Search strategy used in each database
| Database (number of studies) | Search strategy |
|---|---|
| PubMed (3214) | (((CP) AND (rehabilitation)) AND (context focused intervention)) AND (Context therapy) |
| (((CP) AND (rehabilitation)) AND (participation)) AND (Functional independence) | |
| ((CP) AND (rehabilitation) AND (family) | |
| (((CP) AND (Rehabilitation)) AND (family)) AND (acceptance and commitment therapy) | |
| ((CP) AND (rehabilitation)) AND (home based) | |
| ((CP) AND (rehabilitation) AND (social environment) | |
| (((CP) AND (rehabilitation)) AND (self-help devices)) AND (assistive technology) | |
| ((CP) AND (rehabilitation)) AND (health services accessibility) | |
| ((CP) AND (rehabilitation)) AND (health knowledge, attitudes, practice) | |
| Context-focused intervention AND CP | |
| Context-focused intervention environments AND CP | |
| CP [Title] AND (‘enriched environments’[Title] OR ‘steppingstones’[Title] OR ‘family centered therapy’[Title] OR ‘performance’[Title] OR ‘environment’[Title]) | |
| ‘CP’ AND ‘f words’ | |
| ‘CP’ AND ‘health knowledge’ | |
| ‘CP’ AND ‘health services accessibility’ | |
| ‘CP’ AND (‘health technologies’ OR ‘self-help devices’) |
CP - cerebral palsy, WOS - web of science.
The methodological phases were predefined in the registered protocol of this review. In general, the research process was organised into four stages: evidence selection and coding, data extraction, appraisal of levels of evidence, and synthesis of findings.

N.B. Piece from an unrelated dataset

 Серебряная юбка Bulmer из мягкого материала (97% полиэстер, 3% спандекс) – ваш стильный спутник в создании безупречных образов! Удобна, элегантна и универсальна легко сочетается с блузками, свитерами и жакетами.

For the selection process, duplicates were removed, resulting in 3759 records. Two independent reviewers then screened titles and abstracts according to the previously established inclusion and exclusion criteria. After this first screening, 14 studies met the eligibility requirements and were included in the second phase, which involved full-text review based on the same criteria. A third reviewer was consulted to resolve any discrepancies during this phase.
Once the final studies were selected, the 14 articles were evenly distributed among reviewer pairs to extract general information on the available evidence concerning CBIs in children with CP, with a focus on functional performance and social participation outcomes.

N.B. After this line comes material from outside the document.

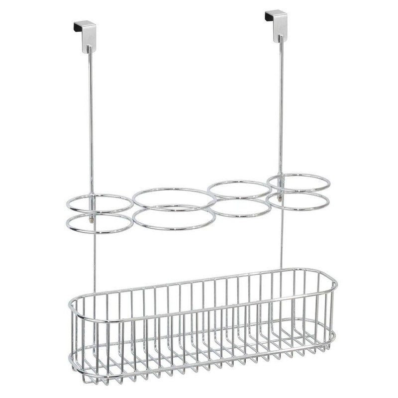 mDesign Metal Over Door Bathroom Hair Care & Styling Tool Organizer Storage Basket for Hair Dryer, Flat Irons, Curling Wands, Hair Straighteners - Hang Inside / Outside Cabinet Doors - Chrome
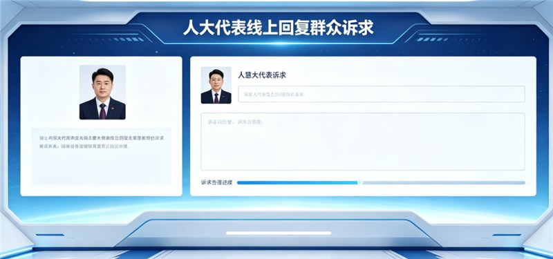 整合履职档案、活动签到、视察调研、学习培训、建议提交、群众留言办理等功能;代表可随时随地接收民意、在线答复、提交议案建议、记录履职轨迹,自动生成履职报告,实现履职全留痕、可量化、可考核。

The data obtained were recorded in a Microsoft Excel® spreadsheet and subsequently transferred to Microsoft Word®. The methodological quality of the selected studies was appraised and classified according to the Oxford Center for Evidence-Based Medicine (OCEBM) Levels of Evidence for interventional studies11. This framework was chosen because it provides a widely recognised and practical hierarchy for appraising heterogeneous research designs, which is particularly relevant in scoping reviews where randomised trials are not always available. Two reviewers conducted the appraisal independently, and disagreements were resolved by consensus. In addition, information on the statistical approaches reported in the primary studies (e.g. descriptive or inferential analyses, reporting of effect sizes, or adjustments for confounders) was extracted to contextualise the methodological rigor, although no quantitative synthesis was intended.

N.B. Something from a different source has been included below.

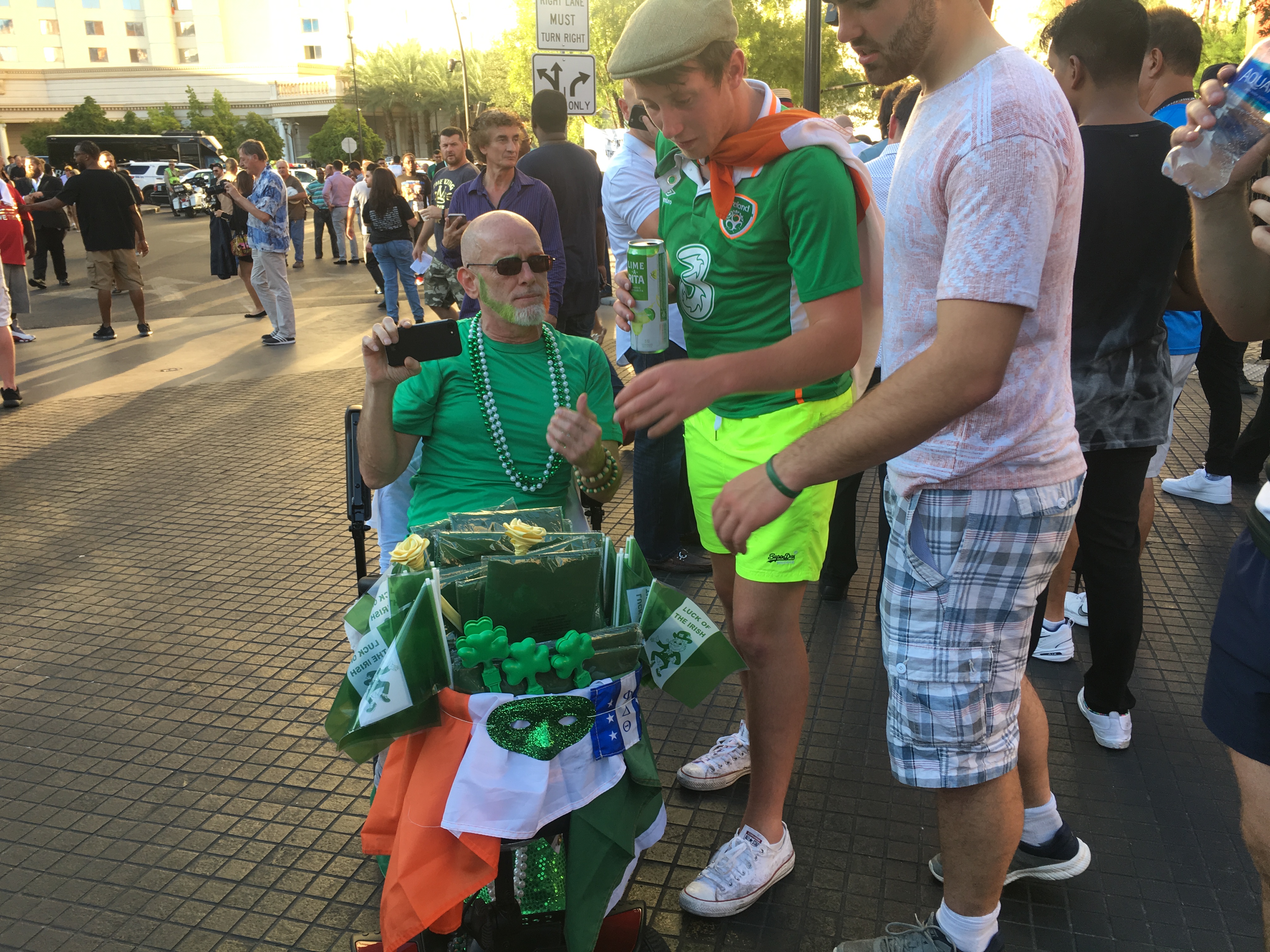 It was also a festive scene, where a McGregor fan arrived via scooter, while many others donned the Irish colors.

The synthesis of results followed the PRISMA-ScR checklist of Tricco9 and was carried out in four phases. First, the general characteristics of the included studies were summarised in tables, including title, language, study design, level of evidence, study objectives, and sample characteristics. Second, the studies were organised according to the components of the ICF and grouped by level of evidence. Third, the specific details of each intervention were extracted and summarised, highlighting the type of CBIs, the clinical or community setting in which it was applied, and the outcomes related to social participation and functional performance. Finally, a narrative synthesis was developed to provide a descriptive analysis of the information extracted, identify patterns and gaps across studies, and highlight the variability of methodological and analytical approaches.
A total of 8367 records were identified through the initial database search. After removing 4608 duplicates, 3759 articles remained for title and abstract screening. Of these, 3745 were excluded for not meeting the inclusion criteria. Subsequently, 14 full-text articles were assessed for eligibility, all of which were included in the final synthesis, as illustrated in Figure 1.
PRISMA flow diagram for study selection through database searching. CP - cerebral palsy, CBIs - context-based interventions
The geographic distribution of the studies included is presented in Figure 2. Of the total studies included, 35.7% were conducted in North America, 28.5% in Asia, 28.6% in Europe, and 7.1% in Oceania. The predominant study designs were randomised controlled trials and pre-post pilot studies, most of which were carried out in home-based settings with active caregiver involvement, as detailed in the summary of study characteristics presented in Table 2.
Geographic distribution of studies included (own source)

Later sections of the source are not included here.